Project Outcomes Report


This Project Outcomes Report for the General Public is displayed verbatim as submitted by the Principal Investigator (PI) for this award. Any opinions, findings, and conclusions or recommendations expressed in this Report are those of the PI and do not necessarily reflect the views of the National Science Foundation; NSF has not approved or endorsed its content.

The prosperity of software-as-a-service (SaaS) comes with new security challenges.  Different from their desktop counterparts, the web application delivered through the SaaS infrastructure is a two-part program, with its components deployed both in the browser and in the web server.  The interactions between these two components inevitably discloses the internal states of the program to the network eavesdropper, through various “side channels” of the communication, such as packet lengths and the timing of interactions, even when the communication is entirely encrypted.   Further complicating the situation is the recent popularity of smartphone and tablet techniques, with millions of mobile applications (app for short) already on the market, most of which are essentially web applications with their client-side components directly running on various mobile devices.   Not only are those apps equally vulnerable to the network side-channel attack, just like their corresponding browser-side counterparts,  but they are also subject to the risks of information leaks through mobile operating systems (OS),  including each app’s mobile data, CPU and memory usages and more, which has all been made public to even untrusted apps running on the same devices.
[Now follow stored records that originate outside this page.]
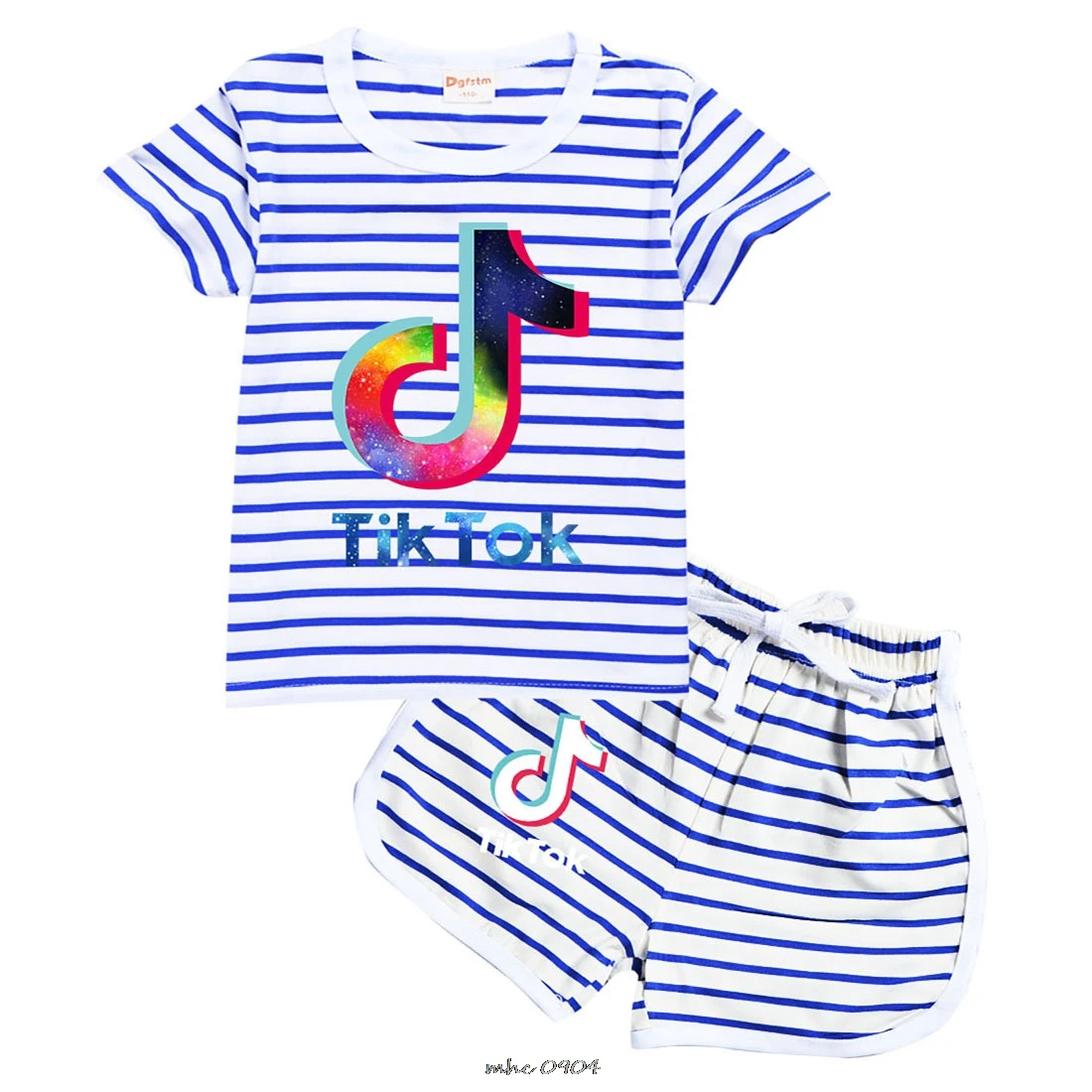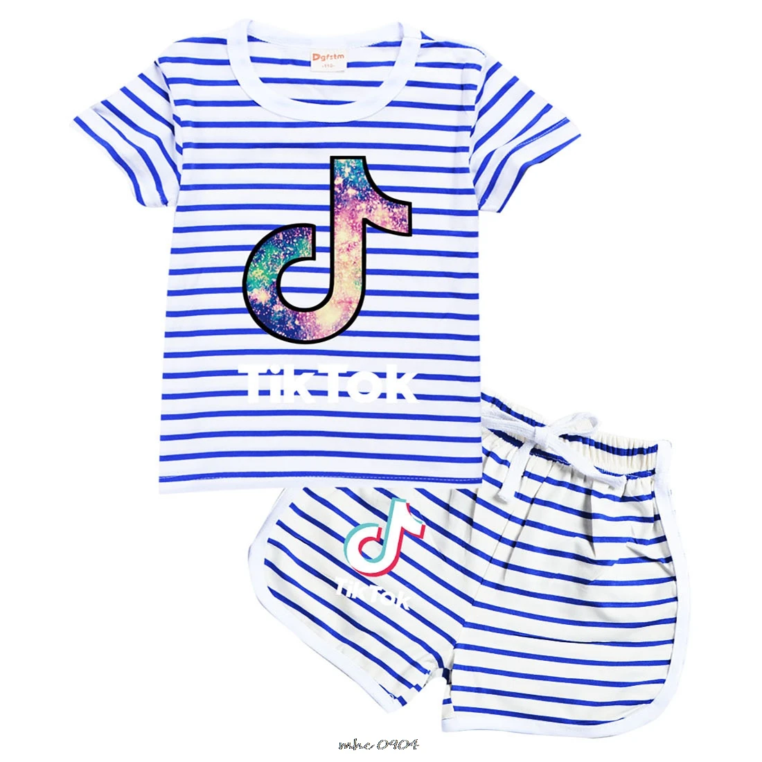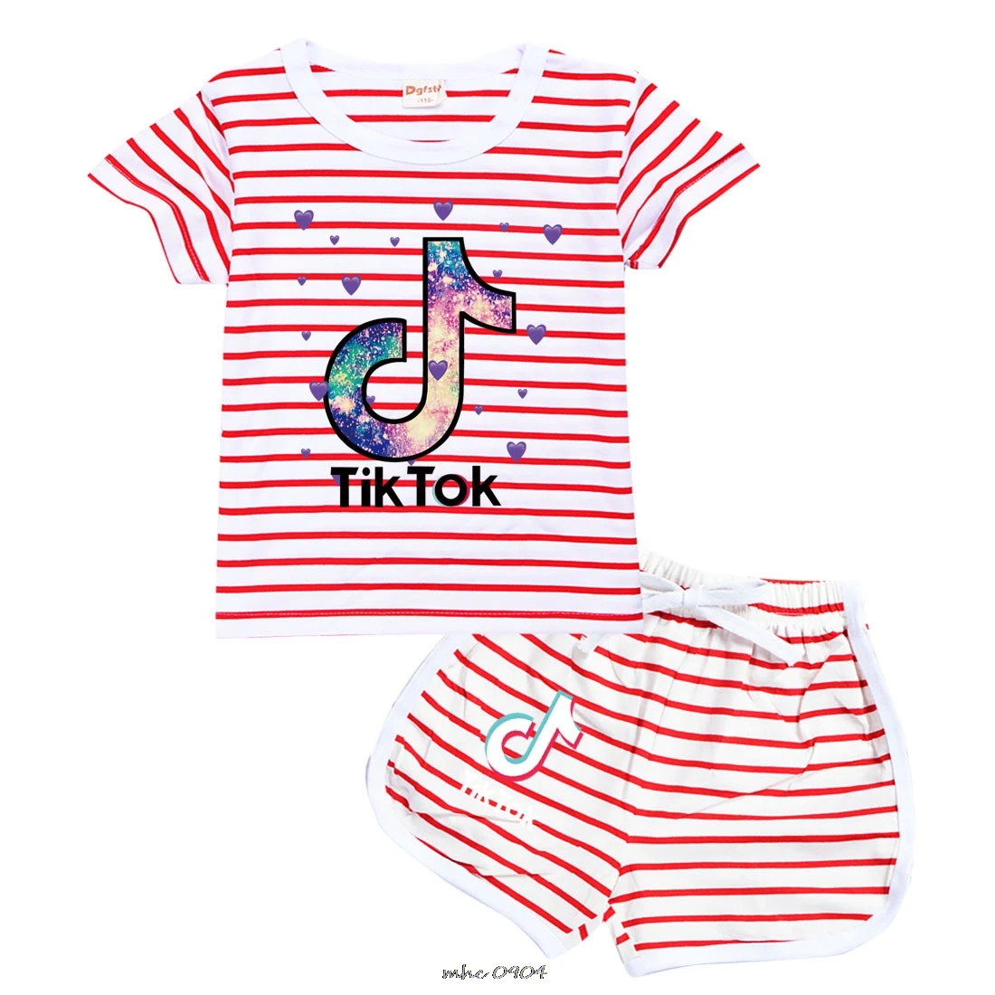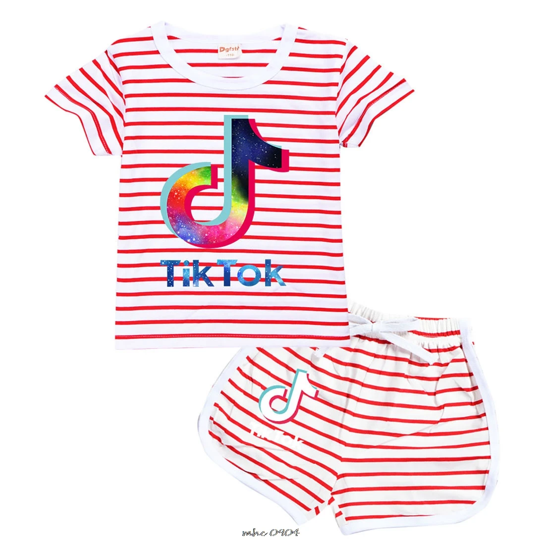 Tik Tok/Летняя одежда для мальчиков и девочек Детские футболки с короткими рукавами и шорты для девочек спортивные костюмы костюм для подростков 2-16 лет
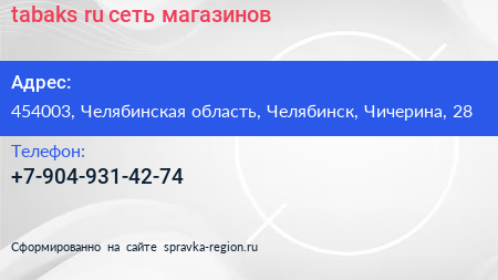 tabaks.ru, сеть магазинов по адресу 454003, Челябинская область, Челябинск, Чичерина, 28 в дальнейшем Организация, размещена в следующих категориях:
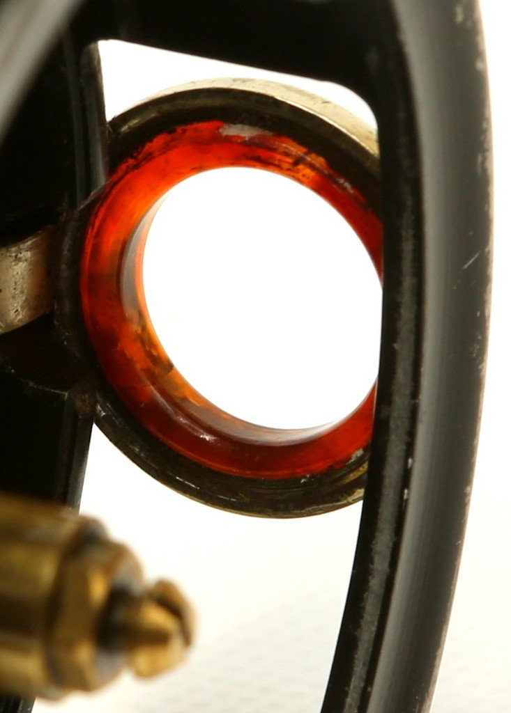 Smooth brass foot with original lacquer is 2 ¾” long and doesn’t have any signs of ever being on a reel seat. Neat black ebonite handle, rim mounted tension adjuster, no transverse or lateral spindle play. Pale red agate with no visible cracks or chips.
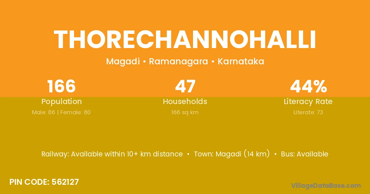 Magadi (14 km) is the nearest town to Thorechannohalli village for major economic activities and is located approximately 14 km away.
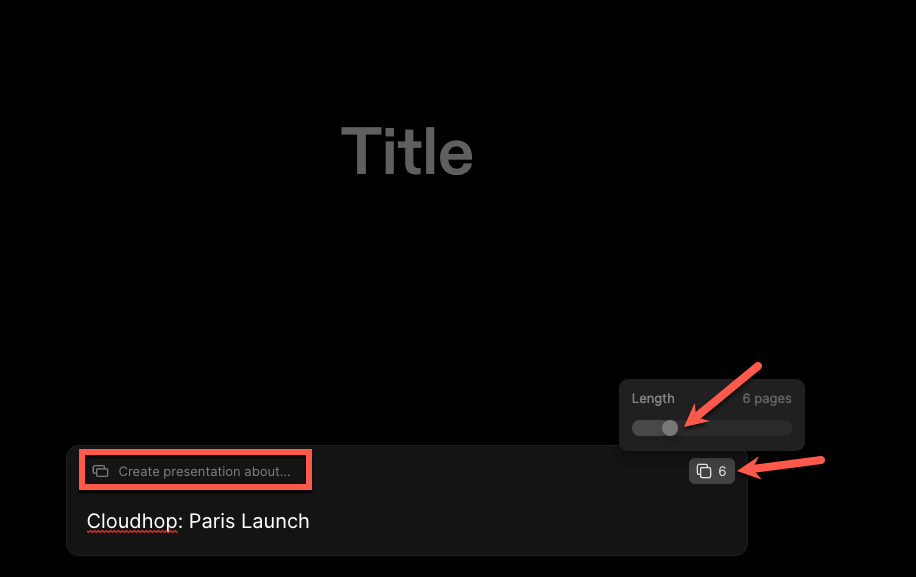 For example, if you select 'Create presentation about' from the options, it will load into the prompt bar. You can then alter the number of slides you want the presentation to have by clicking on the number in the upper-right side of the prompt bar and adjusting the slider from the option that appears.
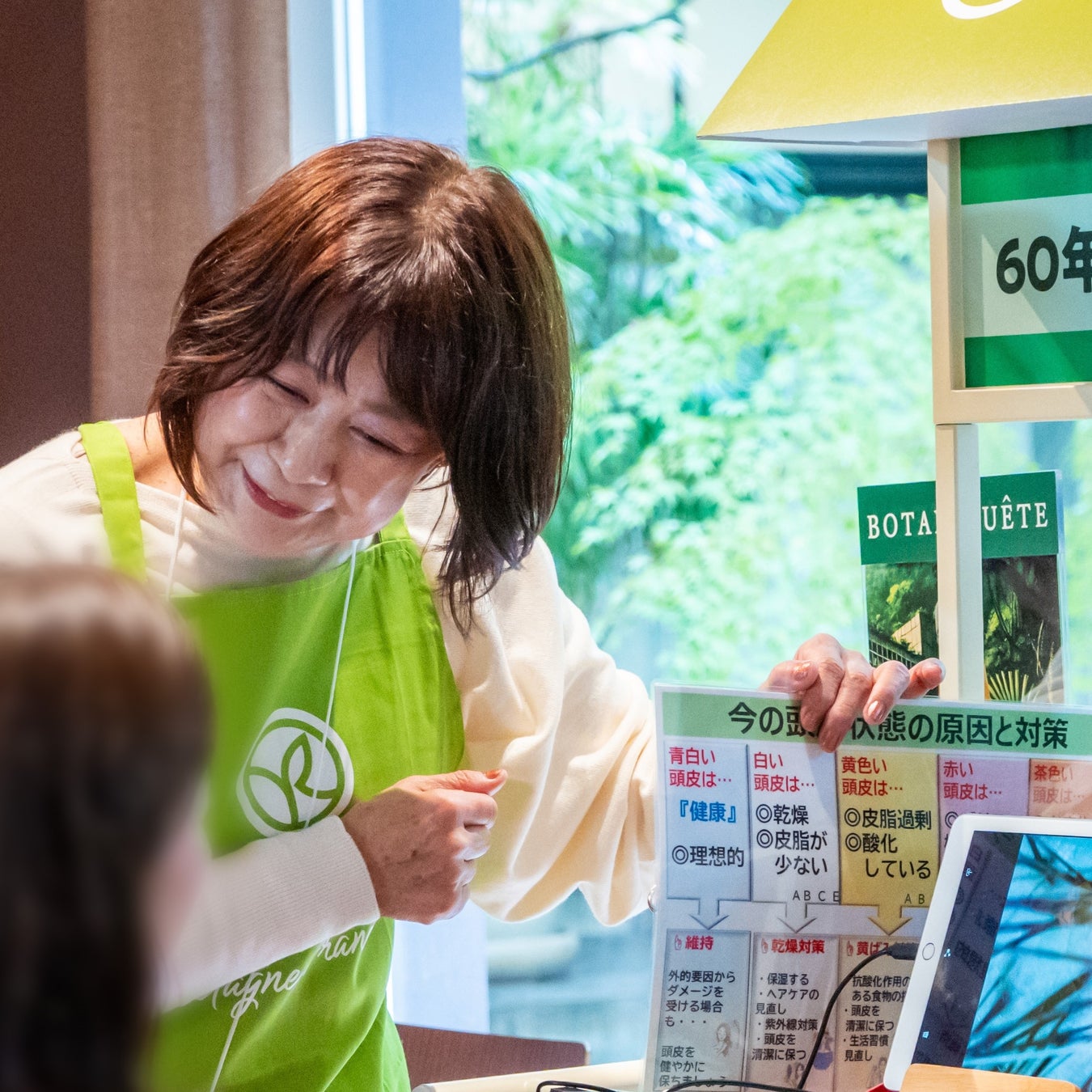 イヴ・ロシェでは様々なお悩みに対応したヘアケア、ヘルシースカルプシリーズを展開しています。イベントではイオン、イオンスタイルの従業員から立候補した20人ほどの「イヴ・ロシェ アンバサダー」が、約80名の来場者の方へ頭皮チェックを実施。診断結果に応じ、お客さまに合った最適な製品をご案内、大変ご好評いただきました。当日は11月22日(金)に発売した「ジェントル ミルキーチェスナッツシリーズ」もご紹介致しました。
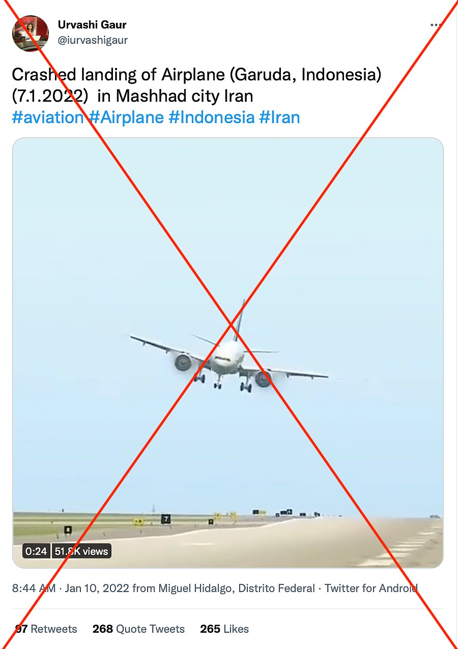 ಕೆಲವು ದಿನಗಳಿಂದ ಸಾಮಾಜಿಕ ಮಾಧ್ಯಮಗಳಲ್ಲಿ ಇರಾನ್ನ ಏರ್ಪೋರ್ಟ್ನಲ್ಲಿ ಇಂಡೋನೇಷಿಯಾ ರಾಷ್ಟ್ರೀಯ ಏರ್ಲೈನ್ ಗರುಡಾ ಇಂಡೋನೇಷಿಯಾ ವಿಮಾನವೊಂದು ಪತನವಾಗಿದೆಯೆಂಬ ವಿಡಿಯೋ ವೈರಲ್ ಆಗುತ್ತಿದೆ.
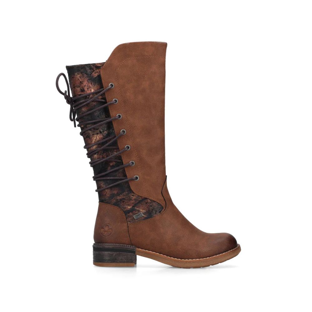 Confortables et élégantes, elles sont efficaces ! Vous ne voudrez plus quitter ces bottes hautes Rieker. L'association astucieuse du laçage et de la fermeture éclair offre un maintien optimal et facilite l'enfilage et le retrait. La semelle adhérente assure une bonne adhérence en toutes circonstances. La doublure chaude et moelleuse offre une protection durable contre le froid, tandis que la tige déperlante protège efficacement de l'humidité et du vent. Affrontez les journées froides avec style !
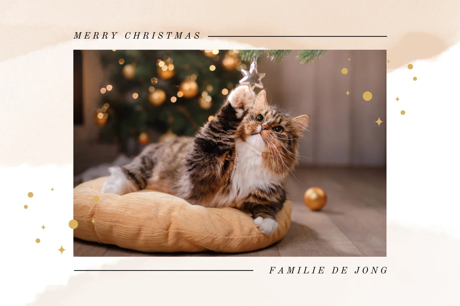 Een mooie en hippe kerstkaart met ruimte voor eigen foto op de voorkant. De kaart heeft ronde hoeken en een watercolor achtergrond in naturel tinten.

Intellectual Merits. In this project, we performed a series of in-depth security analyses under different SaaS computing scenarios, on emerging mobile apps as well as conventional browser-based web applications.  Our studies have brought to light the scope and the magnitude of this new security risk (side channel leaks in SaaS):  a number of popular web applications are found to disclose highly sensitive user data, such as one's family income, health profile, investments and more through the patterns of their traffic; mobile computing devices expose the types of the applications they are running and their users’ activities through encrypted Wi-Fi packet sequences;  also high-profile mobile apps and even the mobile OS itself can be monitored by a malicious app without any permission to figure out the mobile user’s location, identity, driving routes and health and financial information, using such apparently innocent information as the BSSIDs of Wi-Fi access points,  mobile data usages,  CPU uses and the status of the speaker (on or off).   Further, the presence of such side-channel leaks enables the adversary to conduct reconnaissance on the states of the target OS or applications, which makes possible a wide range of attacks, from inferring the content of encrypted data on the cloud to taping the victim’s phone conversation and stealing her medical data from mobile healthcare accessories.   Examples of such information leaks are made available through video demos (


To mitigate those security risks, we developed a suite of new techniques for different computing platforms.   For conventional web applications, our automatic program analyzer, called “Sidebuster”, was designed to statically evaluate the source code of the program, identifying the potential program locations of side channels.  Then, a dynamic analysis is performed to quantify the amount of the information that can be exposed through the channels.  This helps the developer to analyze her programs and fix the potential weaknesses within the code during the application development stage.   In a mobile computing environment, we propose a new demultiplexing technique that decomposes a Wi-Fi communication flow into a set of streams, each mimicking the opera...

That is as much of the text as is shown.